### THE DATA
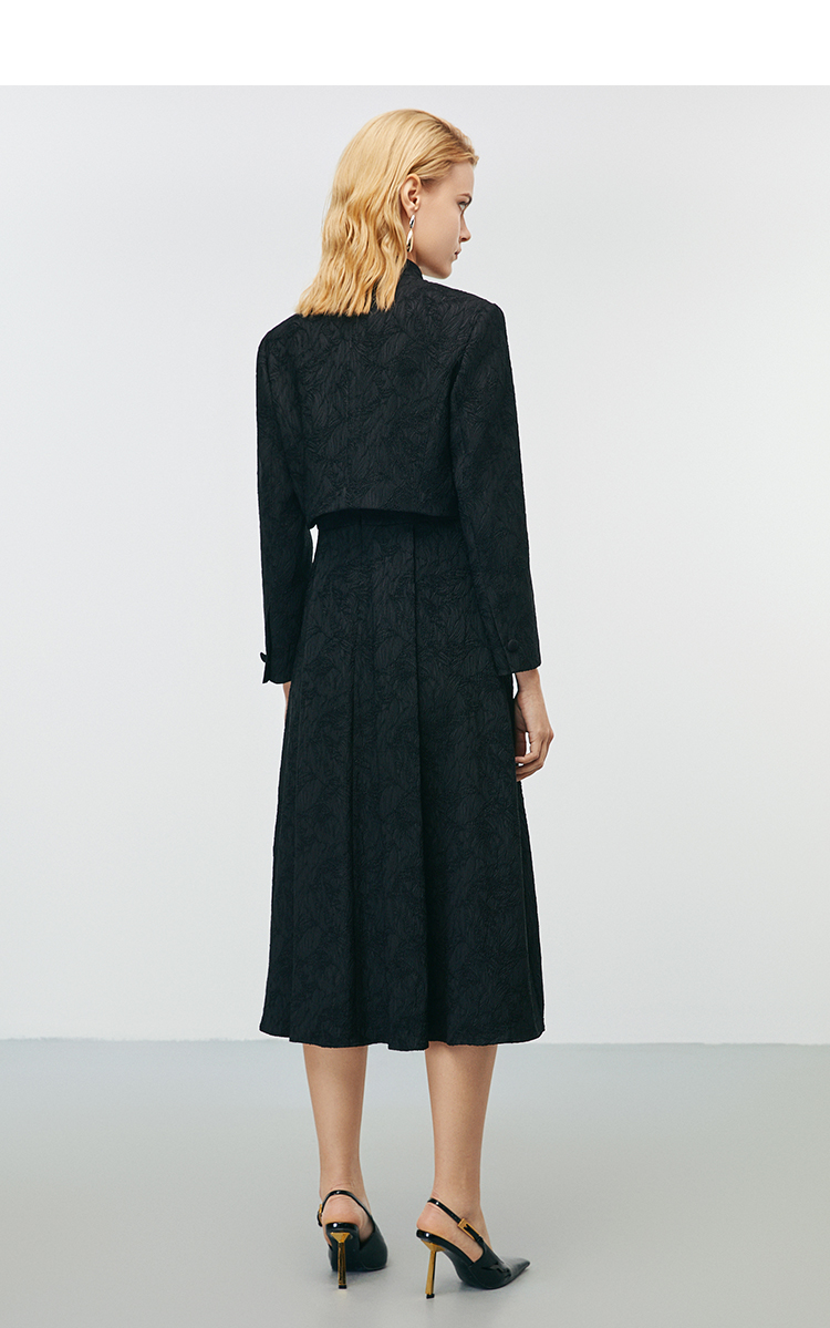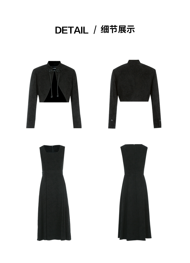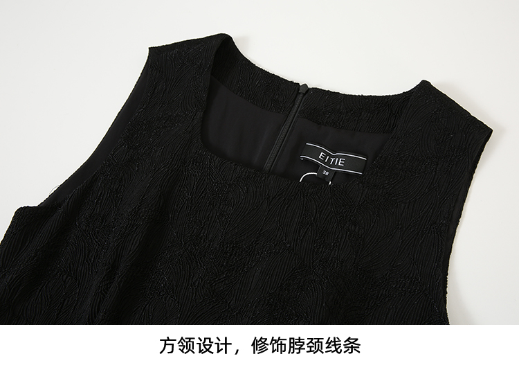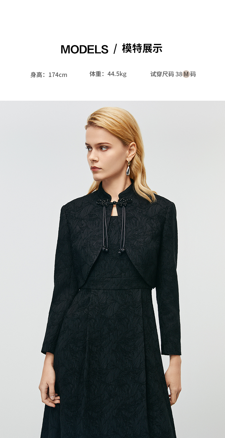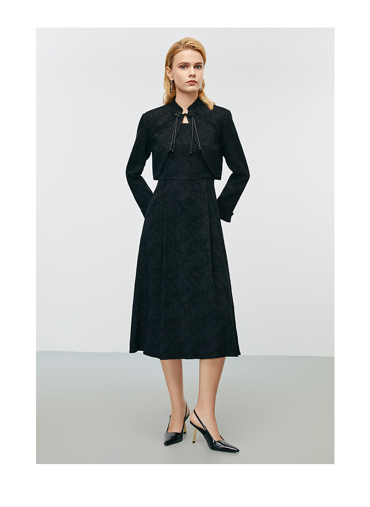 EITIE爱特爱秋季新款新中式改良旗袍暗纹黑色显瘦礼服连衣裙7977612
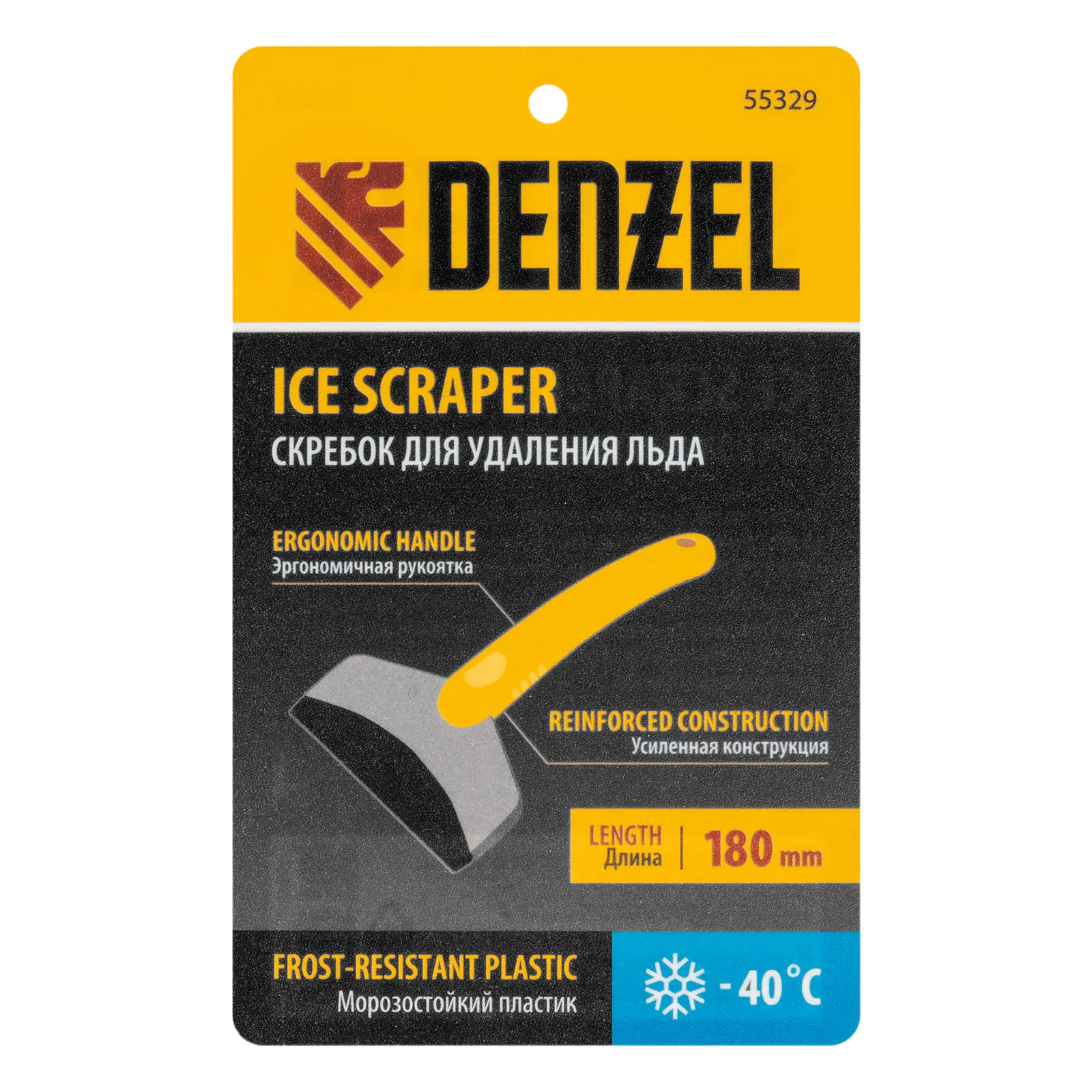 Усиленный скребок для удаления льда Denzel 55329 применяется для очищения зеркал и стекол автомобиля от налипшего и примерзшего снега. За счет небольшого размера 18 х 11 см скребок удобно хранить в салоне автомобиля.
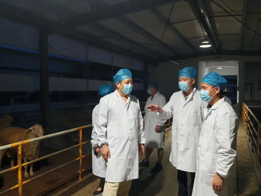 在华欣牧业有限公司,王巍一行参观了产业园湖羊文旅发展片区、屠宰预制菜加工及冷链物流片区、湖羊养殖片区三大片区,详细了解湖羊养殖、羊肉开发和冷链运输等情况。
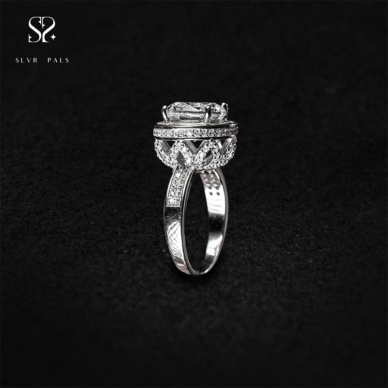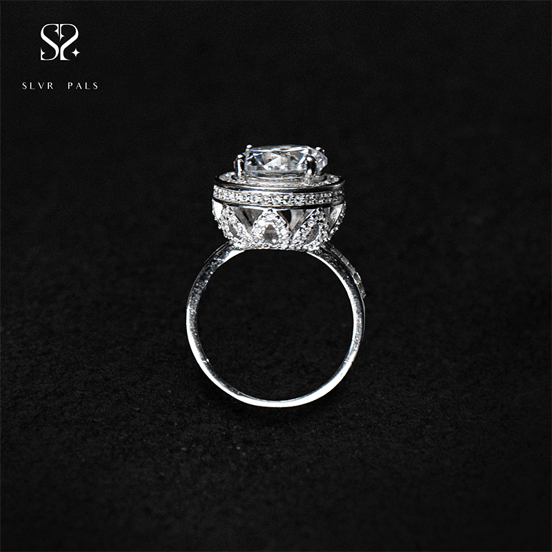 Crown of Elegance Halo Silver Ring Design in 925 Sterling
######
_ACTION ITEM_
Would you return the material above exactly, apart from its pictures?

_SOLVED PROBLEM_
 EITIE爱特爱秋季新款新中式改良旗袍暗纹黑色显瘦礼服连衣裙7977612
 Усиленный скребок для удаления льда Denzel 55329 применяется для очищения зеркал и стекол автомобиля от налипшего и примерзшего снега. За счет небольшого размера 18 х 11 см скребок удобно хранить в салоне автомобиля.
 在华欣牧业有限公司,王巍一行参观了产业园湖羊文旅发展片区、屠宰预制菜加工及冷链物流片区、湖羊养殖片区三大片区,详细了解湖羊养殖、羊肉开发和冷链运输等情况。
 Crown of Elegance Halo Silver Ring Design in 925 Sterling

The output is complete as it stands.